Two new Hudson Hills and Highlands programs at Teatown with a living landscape focus are the  Environmental Leaders Learning Alliance (ELLA) and Community Trails Program. ELLA (www.ellahhh.net) is a group of >120 town-appointed environmental commission members from 34 regional towns and villages, who meet quarterly at workshops, and more frequently through the Internet, to discuss environmental issues, share lessons learned, and formulate regional solutions for sustainability. The Community Trails Program is a joint effort with the New York-New Jersey Trail Conference (www.nynjtc.org) to facilitate volunteer-led stewardship of recreational trails in Westchester and Putnam counties. This effort includes building new trails, especially longer distance trails that connect protected lands, effectively creating biotic corridors across the landscape. This fall, for example, we are building a 4-mile connector trail between Teatown and Kitchawan Park with the help of trail volunteers. 

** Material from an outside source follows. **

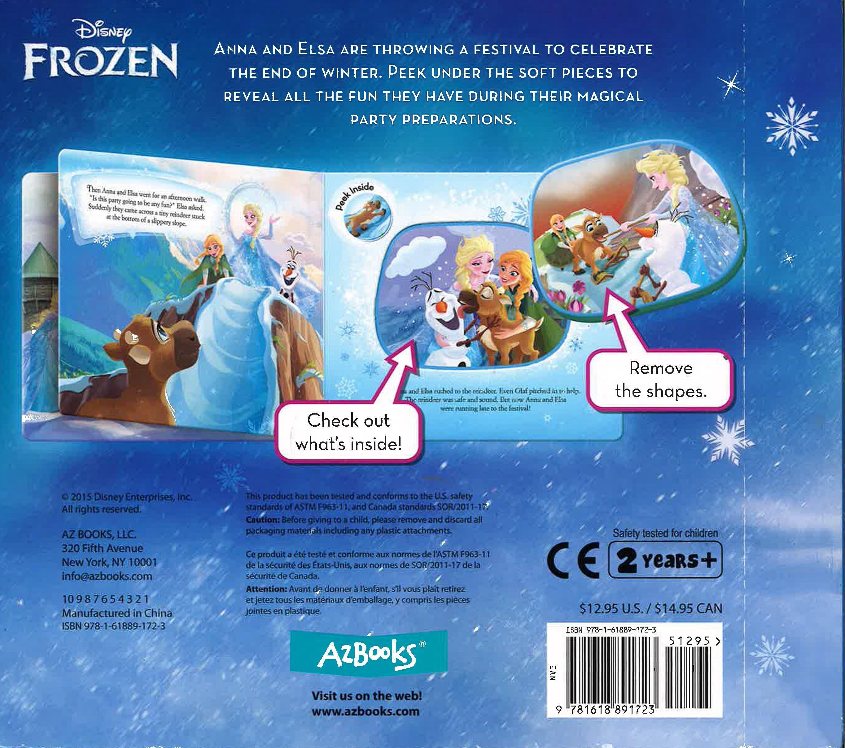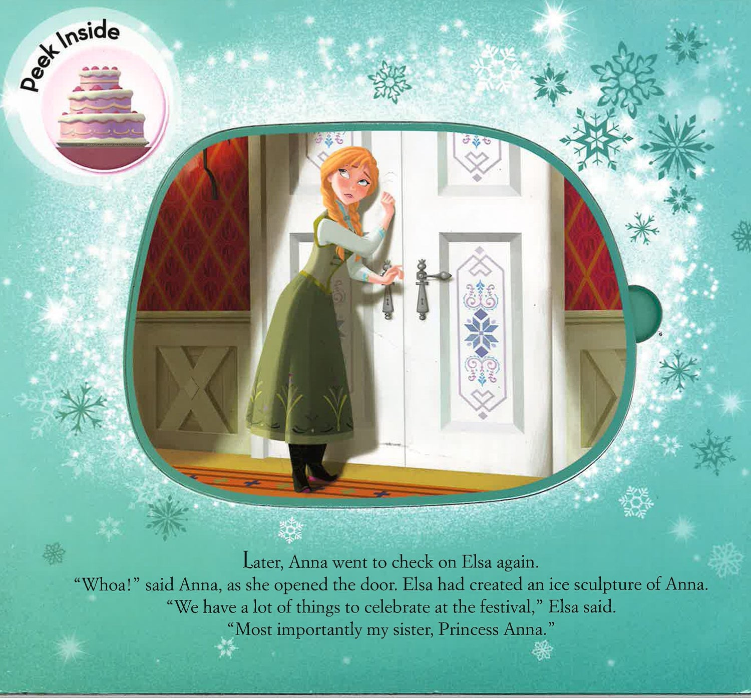 Anna and Elsa are throwing a festival to celebrate the end of Winter. Peek inside the soft pieces to reveal all the fun they have during their magical party preparations.

A living landscapes approach to sustainable living requires all of us to be more mindful of our actions, including how we care for nature “between the parks,” on our own properties. To protect our region’s quality of life, we need much greater adult and youth involvement in protecting nature. To meet this need, Teatown is guiding residents toward a fuller understanding of the role that nature plays in sustainable living by facilitating dialogue, delivering education, promoting habitat protection, and providing biodiversity conservation services to local municipalities. Our immediate intent is to empower individuals and communities to participate in nature conservation for sustainable living. Our longer-term goal is to help residents of the Hudson Hills and Highlands design and manage a sustainable bioregion — as a social-ecological system with the resilience to adapt to the changing environmental and social conditions that the future will inevitably bring. 

Together we can make a difference!

 Fred

Note:  This article first appeared  in Teatown Lake Reservation’s Fall 2009 Trails Newsletter.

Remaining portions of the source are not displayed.